**WHAT IS EXPECTED**
Once the line containing "售后说明:生鲜产品请及时签收" is found in the records below, return it and each following line exactly, up to and including the line containing "Priessnitzovo hřejivé mazání", and nothing else.

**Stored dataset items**
>>>

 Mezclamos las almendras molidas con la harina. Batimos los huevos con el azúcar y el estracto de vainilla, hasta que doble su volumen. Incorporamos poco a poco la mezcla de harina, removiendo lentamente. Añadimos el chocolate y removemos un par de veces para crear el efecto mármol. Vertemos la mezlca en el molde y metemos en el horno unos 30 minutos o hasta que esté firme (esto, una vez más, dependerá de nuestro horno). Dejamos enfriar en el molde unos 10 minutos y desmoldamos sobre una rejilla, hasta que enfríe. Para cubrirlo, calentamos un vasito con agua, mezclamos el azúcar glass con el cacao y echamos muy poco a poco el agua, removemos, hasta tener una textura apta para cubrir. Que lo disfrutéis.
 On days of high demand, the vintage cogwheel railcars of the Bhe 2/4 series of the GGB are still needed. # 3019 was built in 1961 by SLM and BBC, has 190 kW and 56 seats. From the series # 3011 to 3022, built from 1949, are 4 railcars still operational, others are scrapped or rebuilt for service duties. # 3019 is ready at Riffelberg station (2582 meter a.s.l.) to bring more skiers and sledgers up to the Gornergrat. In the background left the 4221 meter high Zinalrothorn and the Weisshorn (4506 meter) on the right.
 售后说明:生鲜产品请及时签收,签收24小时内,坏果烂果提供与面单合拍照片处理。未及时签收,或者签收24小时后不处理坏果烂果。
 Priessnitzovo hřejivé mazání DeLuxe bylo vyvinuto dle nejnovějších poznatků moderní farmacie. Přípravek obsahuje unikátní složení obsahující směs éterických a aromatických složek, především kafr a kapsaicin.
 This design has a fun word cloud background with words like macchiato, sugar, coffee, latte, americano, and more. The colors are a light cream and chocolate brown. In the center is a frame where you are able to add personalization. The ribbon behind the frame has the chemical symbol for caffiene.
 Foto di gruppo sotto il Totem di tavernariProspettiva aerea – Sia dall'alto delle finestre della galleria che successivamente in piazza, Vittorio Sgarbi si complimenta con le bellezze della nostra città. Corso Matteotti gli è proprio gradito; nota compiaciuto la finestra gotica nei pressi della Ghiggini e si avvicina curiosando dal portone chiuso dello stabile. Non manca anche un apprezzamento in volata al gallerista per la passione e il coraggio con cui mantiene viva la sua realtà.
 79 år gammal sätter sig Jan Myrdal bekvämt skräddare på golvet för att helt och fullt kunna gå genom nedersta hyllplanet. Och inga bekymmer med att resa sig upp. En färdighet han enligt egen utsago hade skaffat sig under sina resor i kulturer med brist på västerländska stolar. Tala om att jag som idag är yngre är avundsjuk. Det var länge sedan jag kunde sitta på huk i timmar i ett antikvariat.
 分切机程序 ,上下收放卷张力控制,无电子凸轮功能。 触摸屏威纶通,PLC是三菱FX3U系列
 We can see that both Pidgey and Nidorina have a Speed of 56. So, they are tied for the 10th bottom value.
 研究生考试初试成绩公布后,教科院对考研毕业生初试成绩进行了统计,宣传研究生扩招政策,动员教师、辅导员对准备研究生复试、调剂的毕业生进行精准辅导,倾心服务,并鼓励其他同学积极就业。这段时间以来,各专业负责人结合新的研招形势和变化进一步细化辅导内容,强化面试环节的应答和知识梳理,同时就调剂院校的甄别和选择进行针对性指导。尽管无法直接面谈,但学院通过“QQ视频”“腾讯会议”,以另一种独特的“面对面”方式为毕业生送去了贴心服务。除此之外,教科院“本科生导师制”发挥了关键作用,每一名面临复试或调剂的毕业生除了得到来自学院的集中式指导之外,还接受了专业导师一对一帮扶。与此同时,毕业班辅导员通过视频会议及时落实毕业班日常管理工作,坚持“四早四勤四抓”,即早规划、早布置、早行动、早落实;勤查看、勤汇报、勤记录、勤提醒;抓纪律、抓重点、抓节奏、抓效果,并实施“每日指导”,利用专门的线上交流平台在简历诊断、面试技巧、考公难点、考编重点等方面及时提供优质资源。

<<<

**EXPECTED OUTPUT**
 售后说明:生鲜产品请及时签收,签收24小时内,坏果烂果提供与面单合拍照片处理。未及时签收,或者签收24小时后不处理坏果烂果。
 Priessnitzovo hřejivé mazání DeLuxe bylo vyvinuto dle nejnovějších poznatků moderní farmacie. Přípravek obsahuje unikátní složení obsahující směs éterických a aromatických složek, především kafr a kapsaicin.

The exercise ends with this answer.